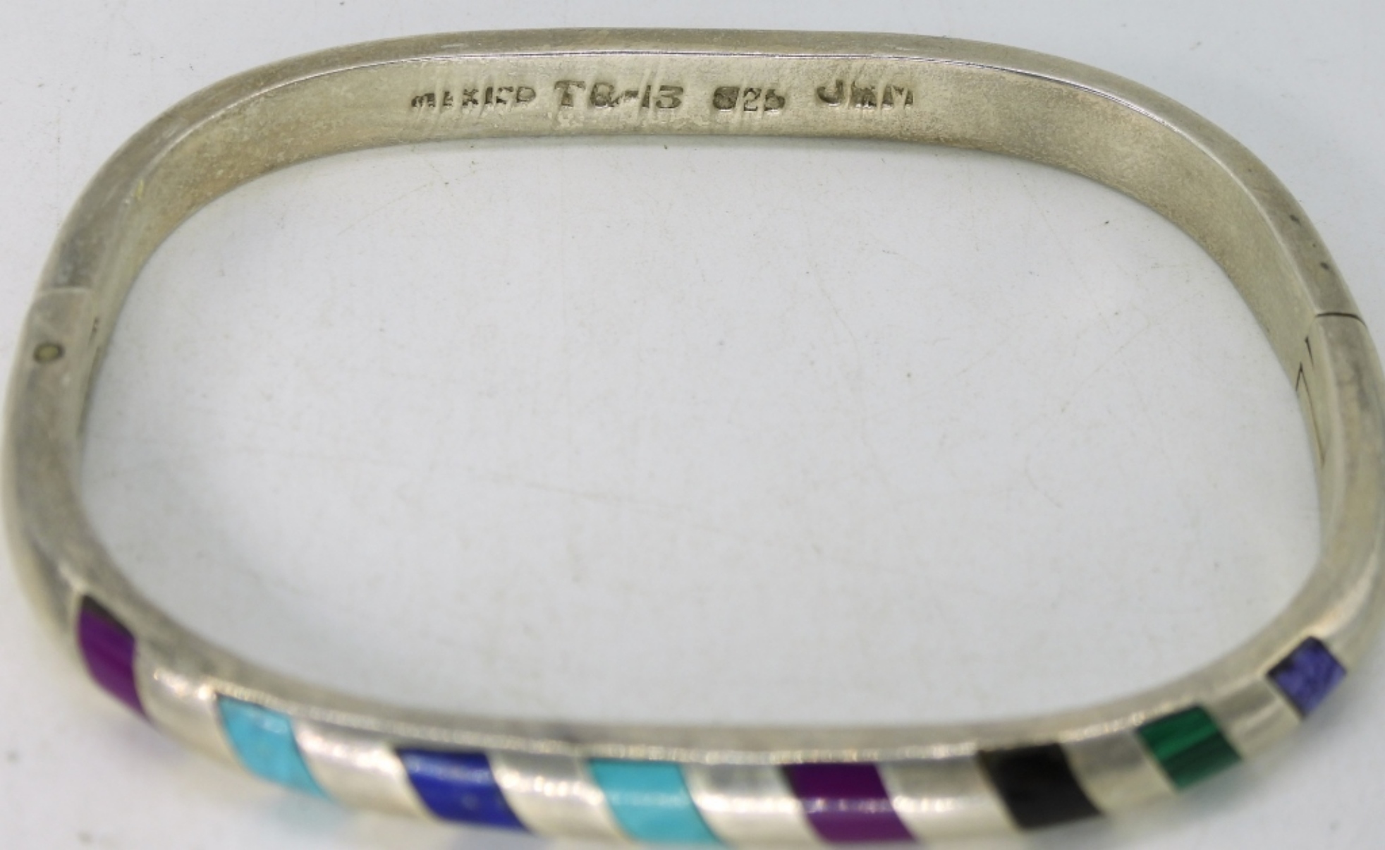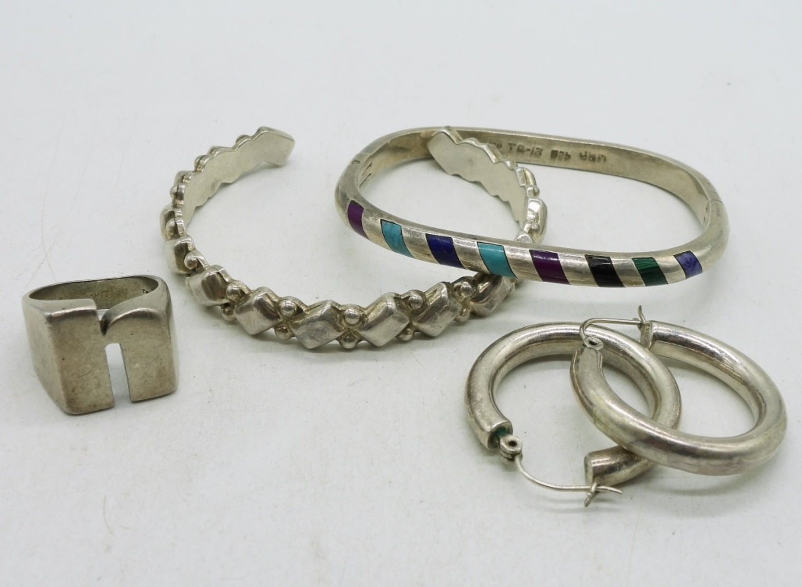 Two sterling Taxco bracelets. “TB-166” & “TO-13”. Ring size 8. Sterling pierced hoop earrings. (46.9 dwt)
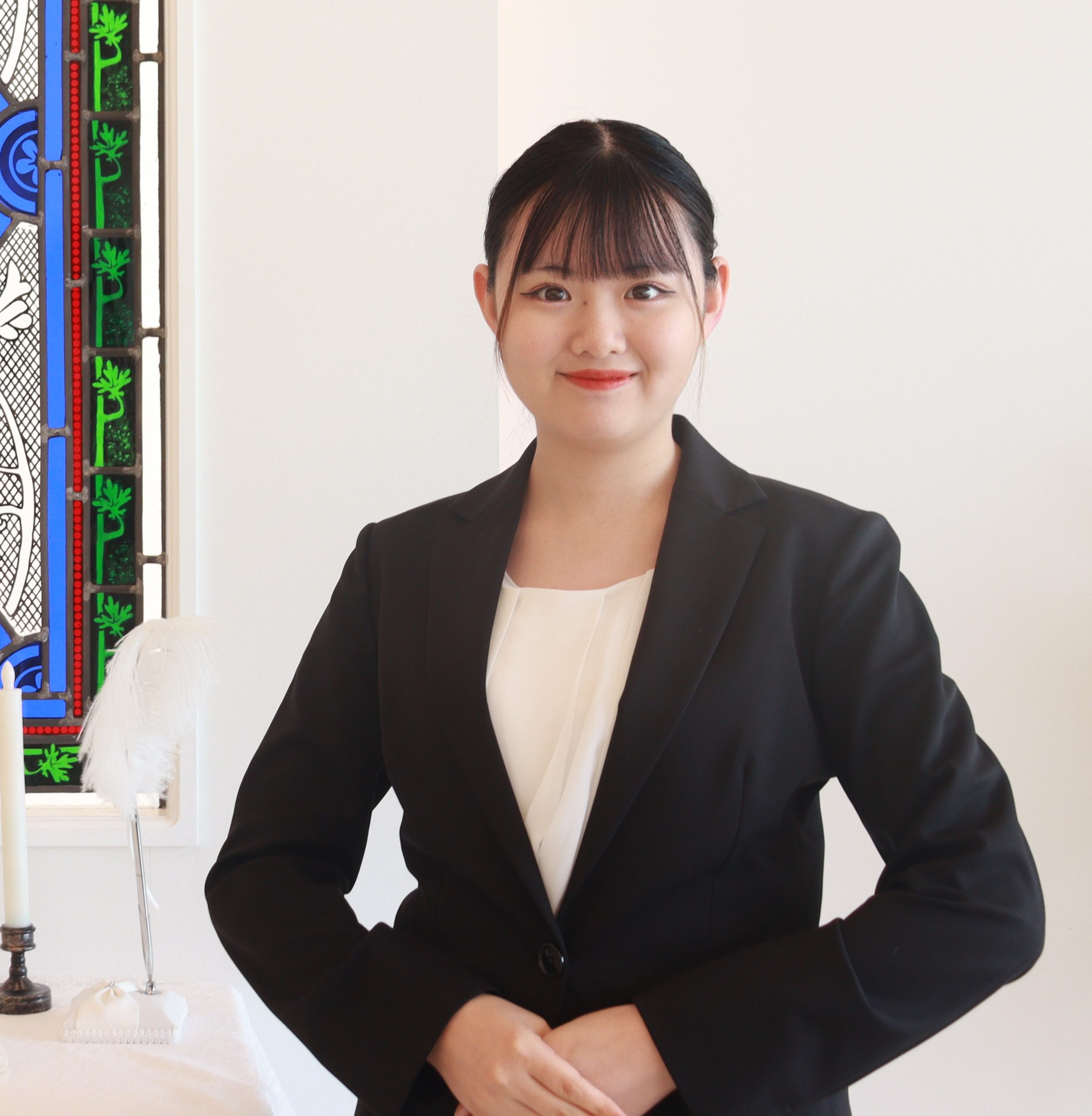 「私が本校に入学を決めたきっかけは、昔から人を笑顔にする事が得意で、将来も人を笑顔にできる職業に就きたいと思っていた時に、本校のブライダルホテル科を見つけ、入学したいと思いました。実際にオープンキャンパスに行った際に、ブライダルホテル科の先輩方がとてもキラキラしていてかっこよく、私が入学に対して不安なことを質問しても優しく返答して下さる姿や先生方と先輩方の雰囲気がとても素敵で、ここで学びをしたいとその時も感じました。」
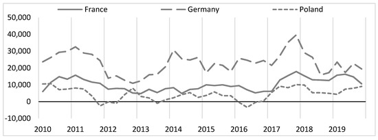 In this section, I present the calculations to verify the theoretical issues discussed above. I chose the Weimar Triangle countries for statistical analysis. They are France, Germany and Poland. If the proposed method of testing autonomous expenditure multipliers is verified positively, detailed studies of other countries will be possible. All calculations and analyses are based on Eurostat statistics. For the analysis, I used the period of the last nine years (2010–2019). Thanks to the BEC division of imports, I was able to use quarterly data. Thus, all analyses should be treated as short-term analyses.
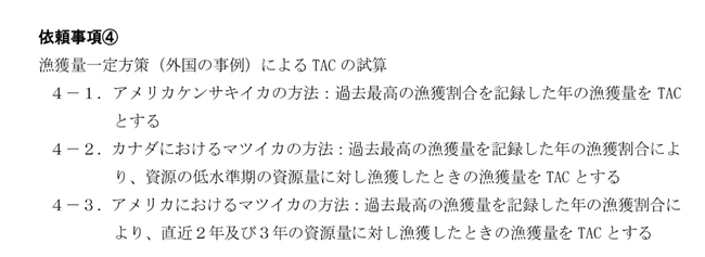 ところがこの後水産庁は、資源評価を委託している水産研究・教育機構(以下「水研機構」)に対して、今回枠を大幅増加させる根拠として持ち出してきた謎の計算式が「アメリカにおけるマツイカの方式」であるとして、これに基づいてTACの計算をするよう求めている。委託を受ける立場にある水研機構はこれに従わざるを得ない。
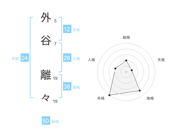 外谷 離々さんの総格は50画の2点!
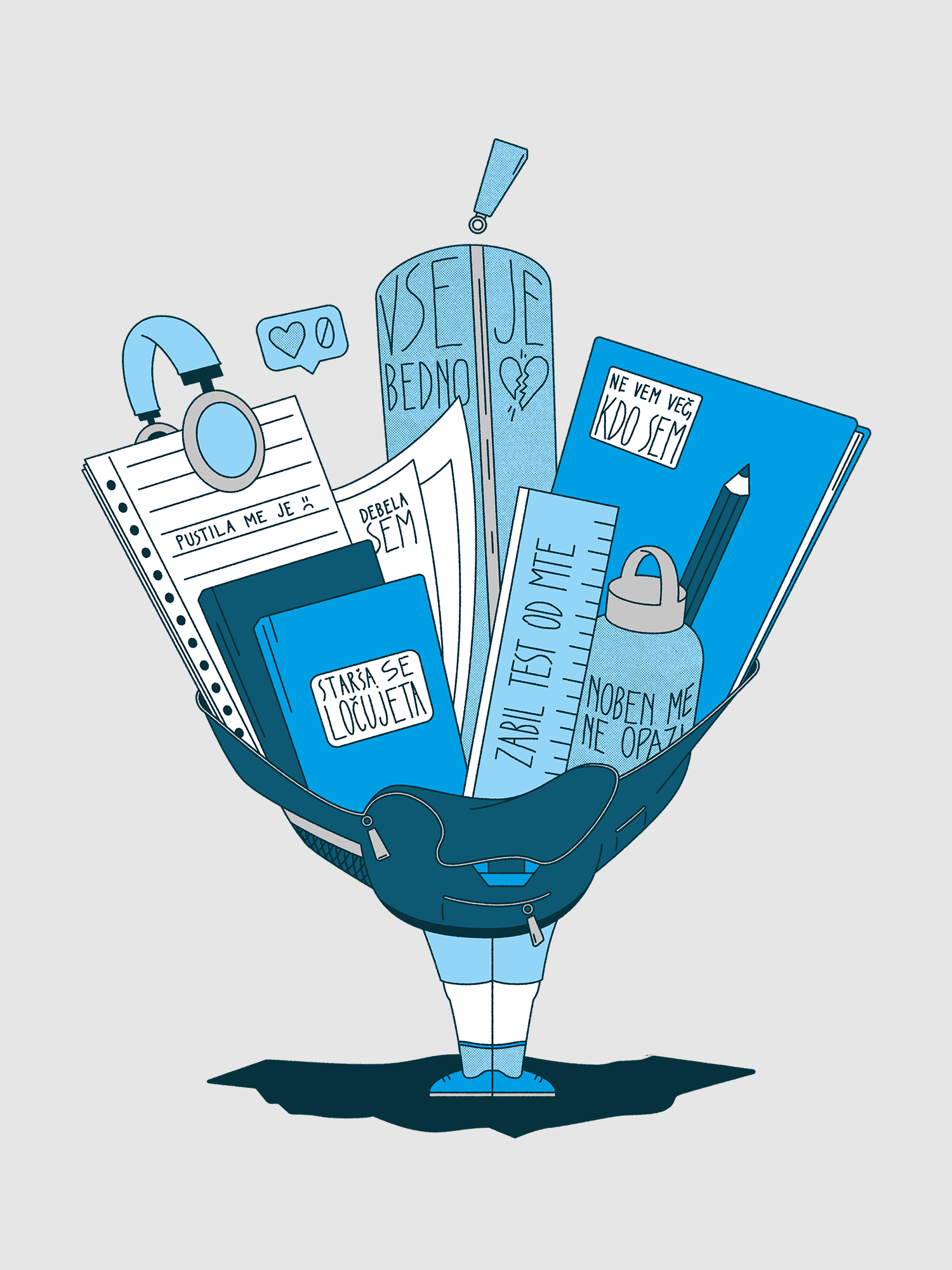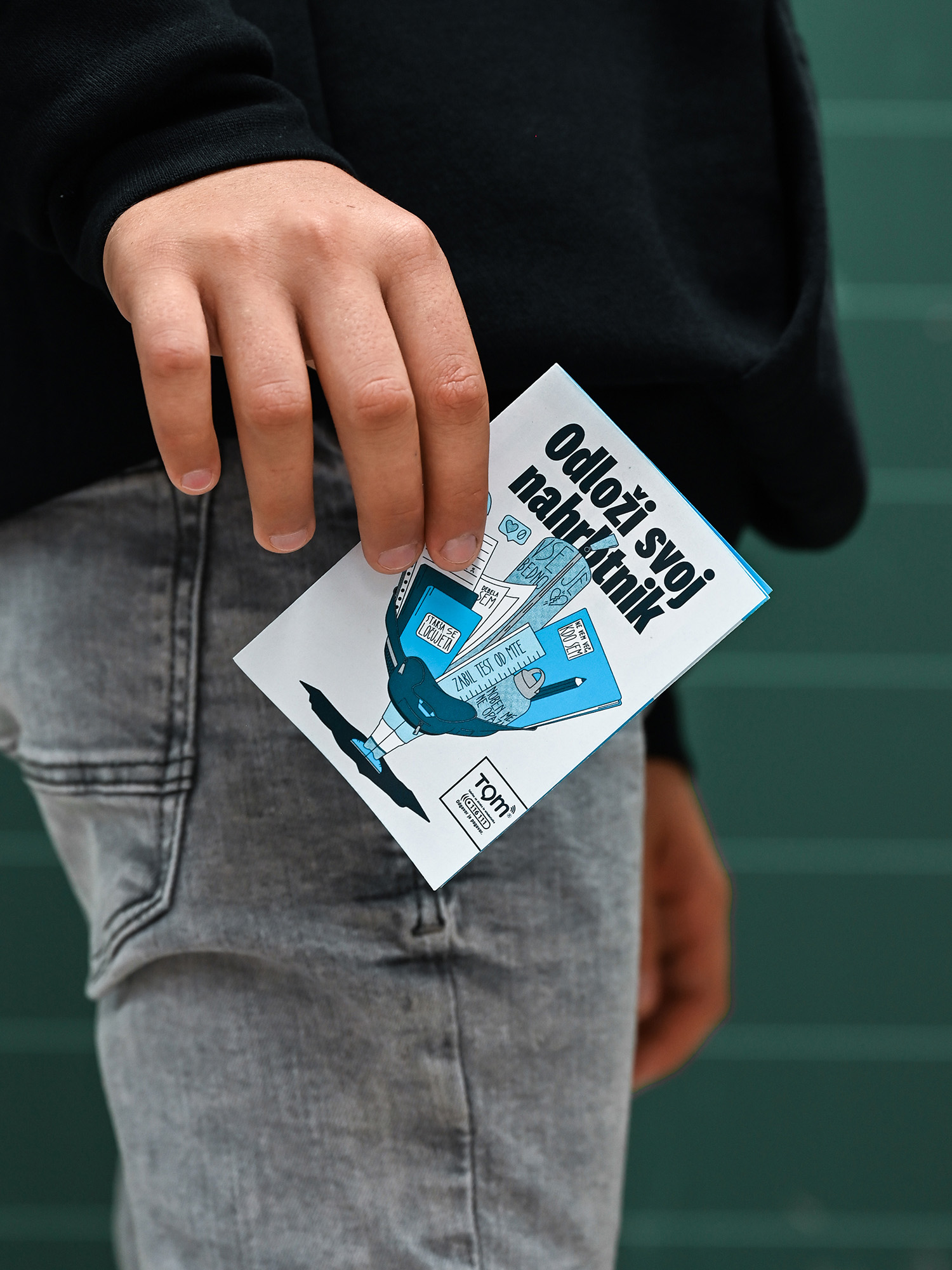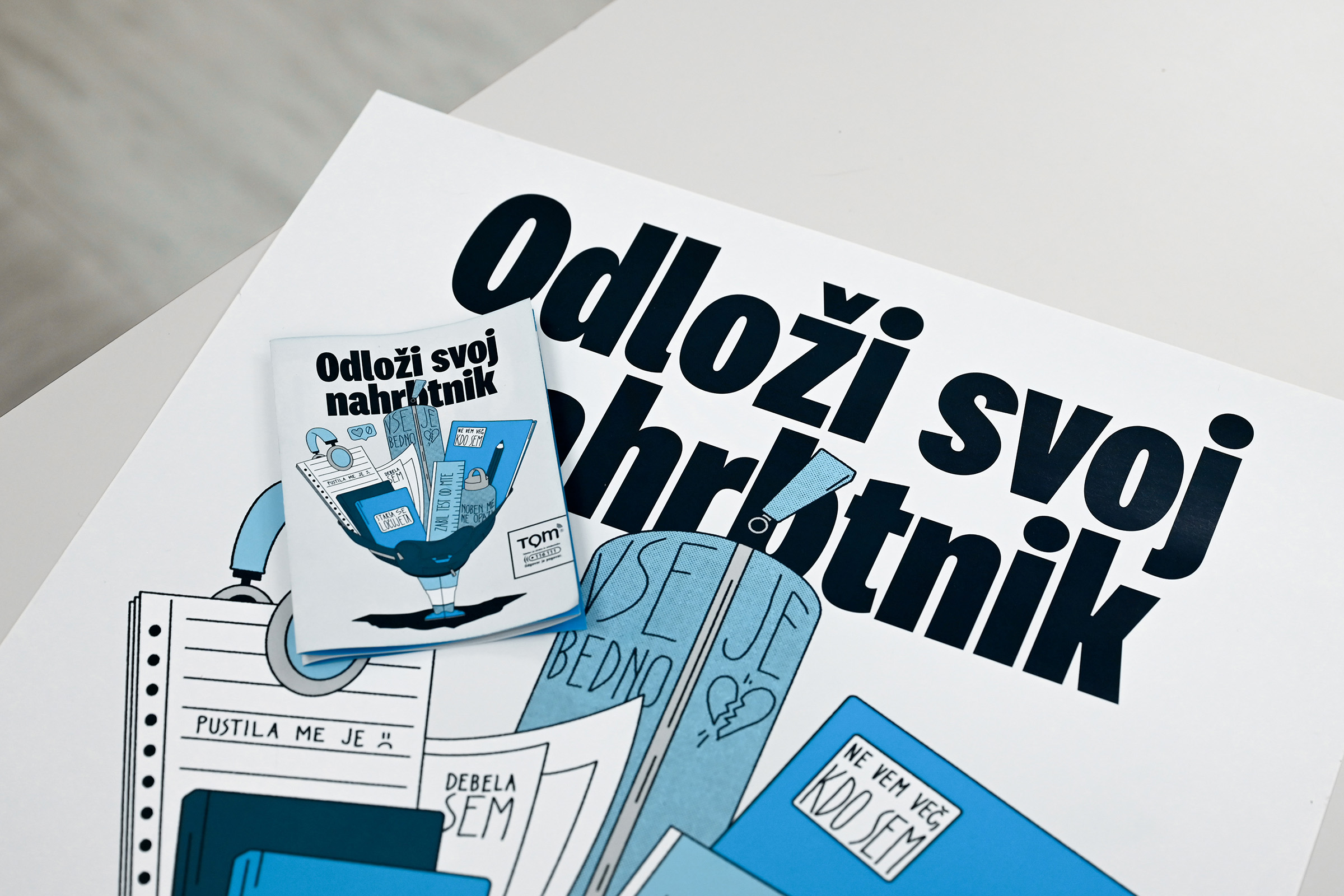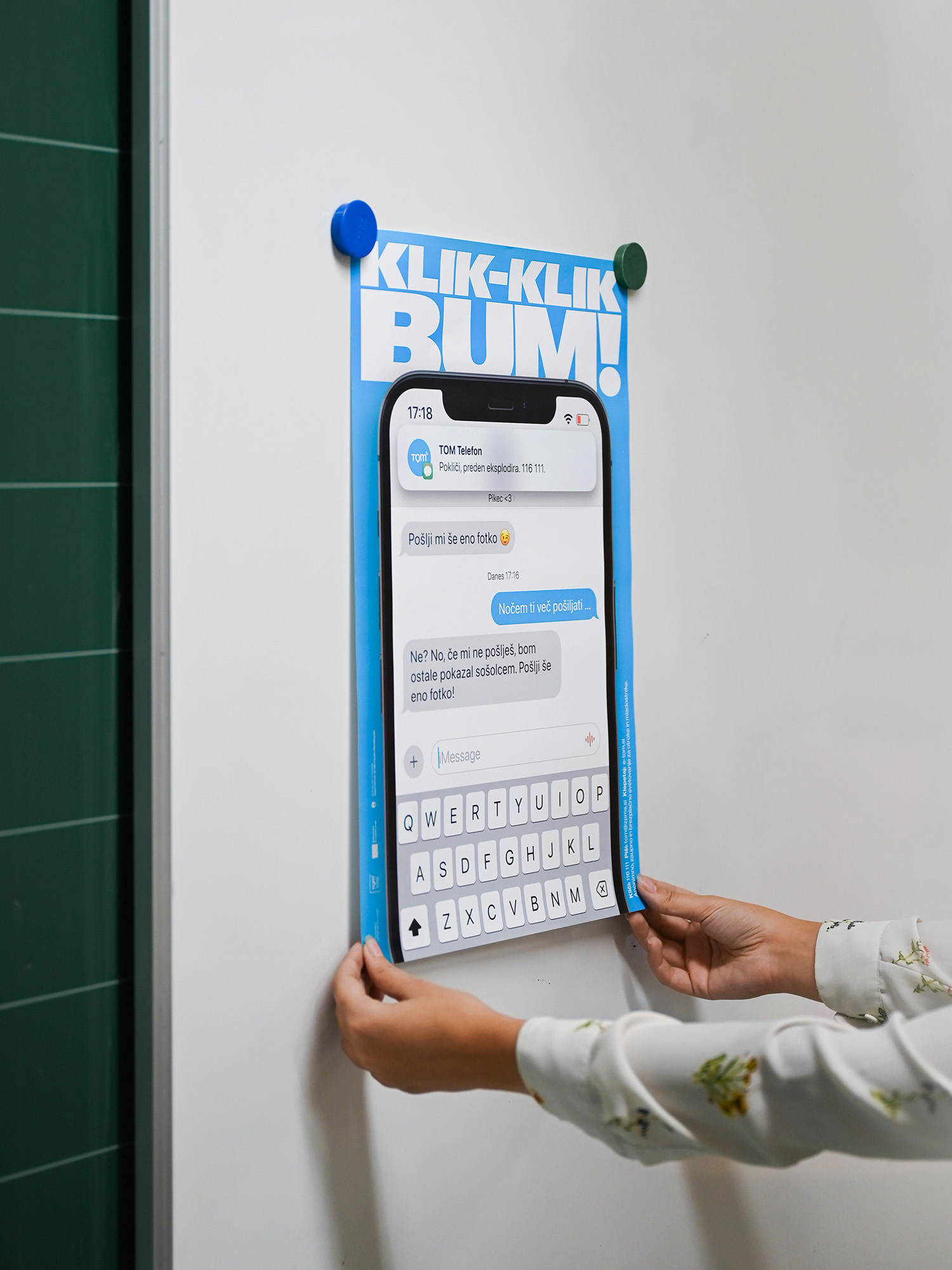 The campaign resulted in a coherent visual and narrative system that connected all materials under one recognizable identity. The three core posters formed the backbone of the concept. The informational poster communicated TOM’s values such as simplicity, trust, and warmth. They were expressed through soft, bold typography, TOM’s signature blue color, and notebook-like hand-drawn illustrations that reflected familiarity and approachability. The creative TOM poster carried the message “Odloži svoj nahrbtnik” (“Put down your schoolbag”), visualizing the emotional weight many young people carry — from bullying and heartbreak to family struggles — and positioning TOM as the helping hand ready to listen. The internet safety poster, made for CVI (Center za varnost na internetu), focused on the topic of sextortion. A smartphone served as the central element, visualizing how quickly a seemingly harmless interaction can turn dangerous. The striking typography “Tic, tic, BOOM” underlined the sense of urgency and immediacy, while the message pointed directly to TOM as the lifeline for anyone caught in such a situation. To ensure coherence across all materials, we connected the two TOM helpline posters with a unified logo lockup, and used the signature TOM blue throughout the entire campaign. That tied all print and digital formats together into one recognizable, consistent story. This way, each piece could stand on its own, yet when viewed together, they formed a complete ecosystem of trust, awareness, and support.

········

## The problem
Repeat the records above exactly, without any pictures.

## Response
 Two sterling Taxco bracelets. “TB-166” & “TO-13”. Ring size 8. Sterling pierced hoop earrings. (46.9 dwt)
 「私が本校に入学を決めたきっかけは、昔から人を笑顔にする事が得意で、将来も人を笑顔にできる職業に就きたいと思っていた時に、本校のブライダルホテル科を見つけ、入学したいと思いました。実際にオープンキャンパスに行った際に、ブライダルホテル科の先輩方がとてもキラキラしていてかっこよく、私が入学に対して不安なことを質問しても優しく返答して下さる姿や先生方と先輩方の雰囲気がとても素敵で、ここで学びをしたいとその時も感じました。」
 In this section, I present the calculations to verify the theoretical issues discussed above. I chose the Weimar Triangle countries for statistical analysis. They are France, Germany and Poland. If the proposed method of testing autonomous expenditure multipliers is verified positively, detailed studies of other countries will be possible. All calculations and analyses are based on Eurostat statistics. For the analysis, I used the period of the last nine years (2010–2019). Thanks to the BEC division of imports, I was able to use quarterly data. Thus, all analyses should be treated as short-term analyses.
 ところがこの後水産庁は、資源評価を委託している水産研究・教育機構(以下「水研機構」)に対して、今回枠を大幅増加させる根拠として持ち出してきた謎の計算式が「アメリカにおけるマツイカの方式」であるとして、これに基づいてTACの計算をするよう求めている。委託を受ける立場にある水研機構はこれに従わざるを得ない。
 外谷 離々さんの総格は50画の2点!
 The campaign resulted in a coherent visual and narrative system that connected all materials under one recognizable identity. The three core posters formed the backbone of the concept. The informational poster communicated TOM’s values such as simplicity, trust, and warmth. They were expressed through soft, bold typography, TOM’s signature blue color, and notebook-like hand-drawn illustrations that reflected familiarity and approachability. The creative TOM poster carried the message “Odloži svoj nahrbtnik” (“Put down your schoolbag”), visualizing the emotional weight many young people carry — from bullying and heartbreak to family struggles — and positioning TOM as the helping hand ready to listen. The internet safety poster, made for CVI (Center za varnost na internetu), focused on the topic of sextortion. A smartphone served as the central element, visualizing how quickly a seemingly harmless interaction can turn dangerous. The striking typography “Tic, tic, BOOM” underlined the sense of urgency and immediacy, while the message pointed directly to TOM as the lifeline for anyone caught in such a situation. To ensure coherence across all materials, we connected the two TOM helpline posters with a unified logo lockup, and used the signature TOM blue throughout the entire campaign. That tied all print and digital formats together into one recognizable, consistent story. This way, each piece could stand on its own, yet when viewed together, they formed a complete ecosystem of trust, awareness, and support.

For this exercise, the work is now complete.